How to Apply for a Personal Loan

To apply for a personal loan you should visit the website of the company you’ll be getting the loan from. To allow the company can research your credit history, you’ll need to provide some identifying information, such as:

  • Name
  • Address
  • Date of birth
  • Proof of identity, such as a driver’s license
  • Social Security number
  • Annual income
  • Proof of income, such as bank statements or pay stubs
  • Verification of employment

The loan company will take all of the information you provide and decide whether to give you the loan.

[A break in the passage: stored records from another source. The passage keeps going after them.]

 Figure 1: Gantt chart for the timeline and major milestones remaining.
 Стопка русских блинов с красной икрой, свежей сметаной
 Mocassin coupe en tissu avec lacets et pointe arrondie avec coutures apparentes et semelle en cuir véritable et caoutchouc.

The information will also be used to determine the interest rate you’ll pay.

While it seems like a lot of information to gather, it’s often the case that the less information a lender requires, the more expensive the loan.

That’s because more information lets a lender accurately analyze your risk of defaulting on the loan. Lenders that can’t analyze the risk effectively charge more to compensate for that.

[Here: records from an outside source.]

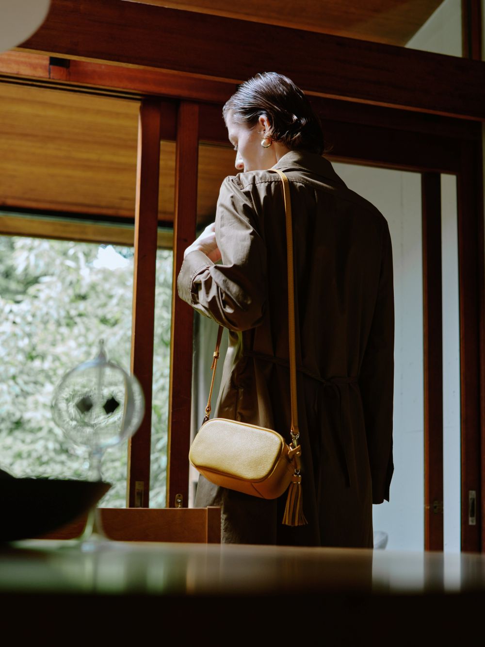 A chic mini box bag with a swinging tassel. Elevate your modern, on-the-go lifestyle with this compact design.
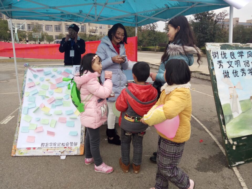 湖南388vip太阳集团第十届宿舍文化艺术节从2015年11月24日起开始展开,目前正火热进行中。12月6日,由教育学院团委学生会纪检宿管部主办,对外联络部、广告制作部和德育实践部协办的教育学院蒙牛杯第十届宿舍文化艺术节户外宣传活动在北校篮球场如期举行。活动场面反映热烈,学生们踊跃参与。
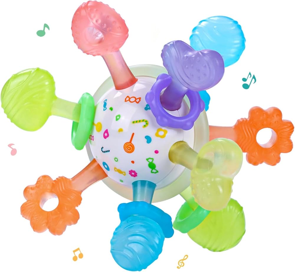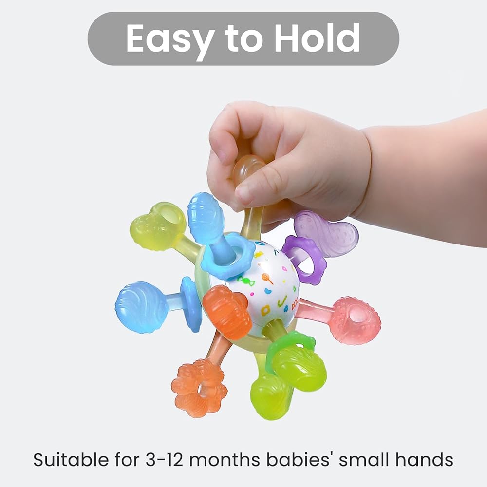 كرة تسنين للأطفال، ألعاب تسنين حسية متعددة من السيليكون، ألعاب تسنين للأطفال من مونتيسوري لتخفيف التسنين، خالية من مادة BPA، لعبة مضغ للأطفال من عمر 0 إلى 12 شهرًا، مقاومة للحرارة
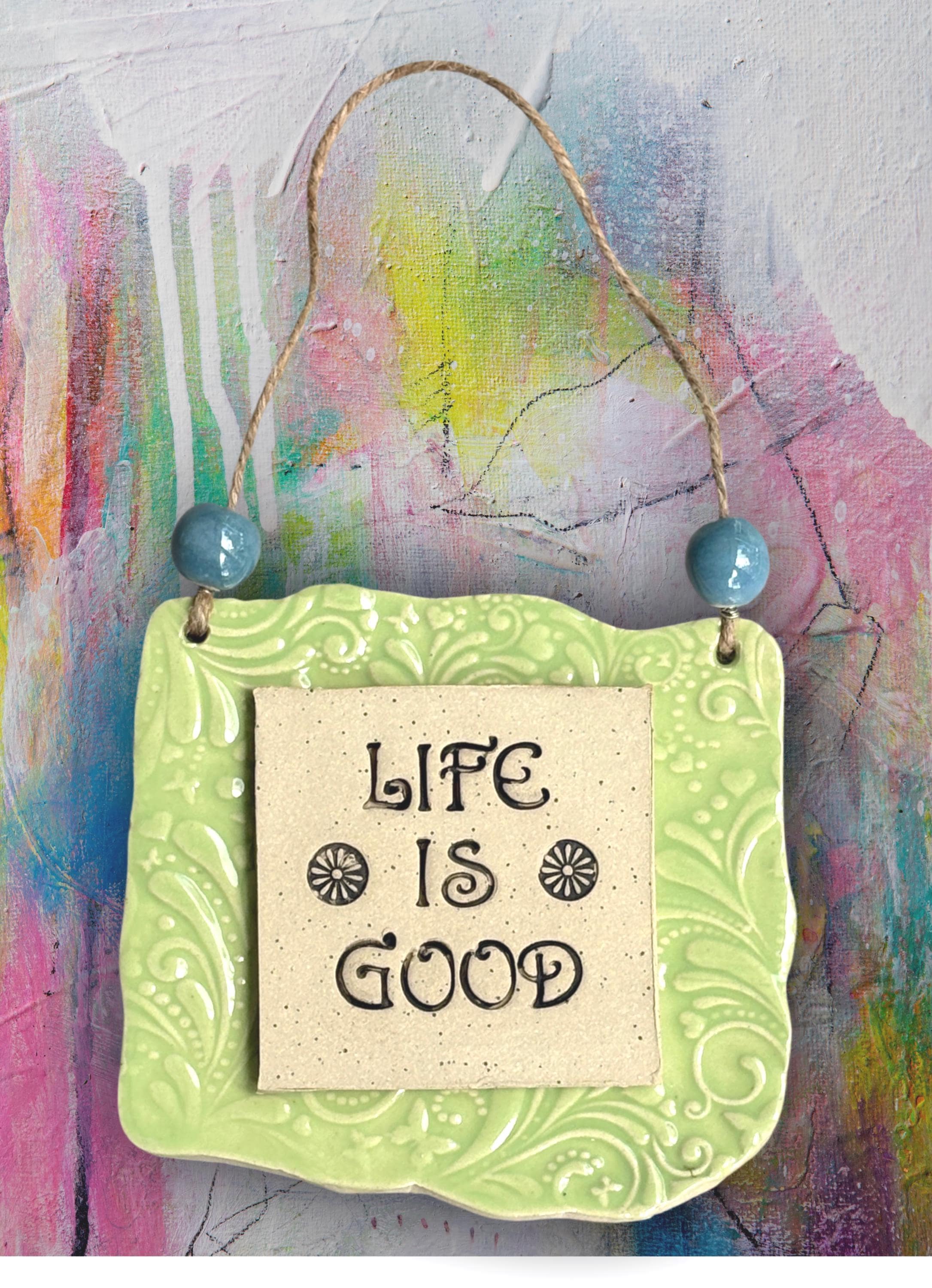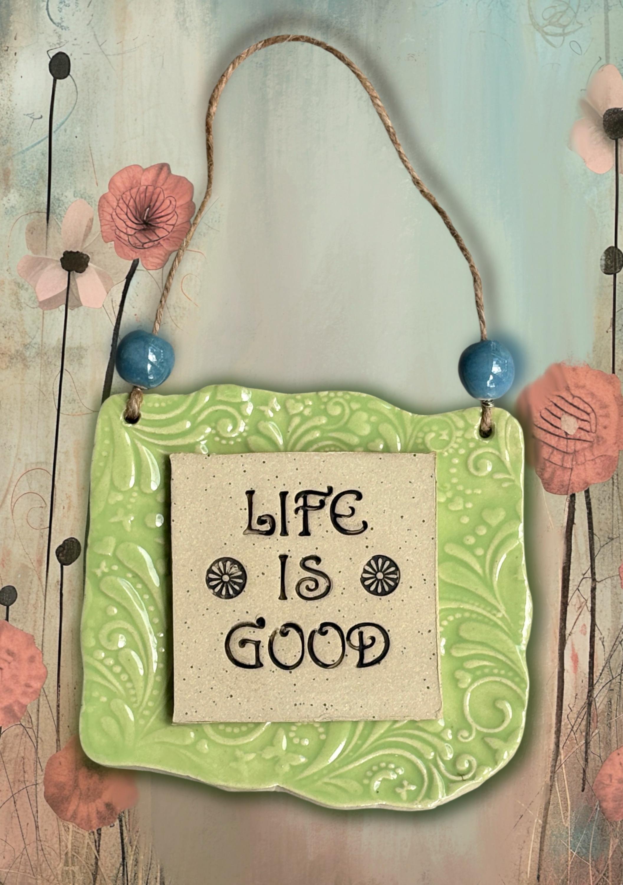 Add a touch of charm and encouragement to your home with this handmade ceramic wall hanging featuring the uplifting message: “Life is Good.” This one-of-a-kind piece is crafted from clay with a speckled stoneware center, delicately stamped with black lettering and floral accents. The plaque is framed with a soft green, embossed floral border that adds a whimsical, earthy feel. It hangs from a natural jute cord adorned with two glossy red ceramic beads, giving it a pop of color and a rustic-boho flair.

How to Increase Your Chances of Getting Approved

There are a number of ways to improve your chances of getting approved for a personal loan.

The most obvious is improving your credit score. In the short term, the best way to do this is to pay down your credit cards to improve your credit utilization.

If you have derogatory marks on your credit report, you can also try to organize a pay-for-delete agreement.

Another method is to make sure that you’re applying for the right reason. Lenders are more likely to offer a loan to someone looking to consolidate and pay off their debt than someone funding a vacation.

Reducing your debt-to-income ratio can also help with qualifying for a loan.

You can reduce this ratio by earning more, perhaps from a side job, or pay down some existing debt. Either way, the lower this ratio is, the more resources you have to pay off a loan.

Personal Loan Calculator


Personal loans can be useful in a wide variety of circumstances and many companies have begun to offer them. Whether you need a loan to cover the bills or refinance your debt, taking a personal loan can help you meet your goal.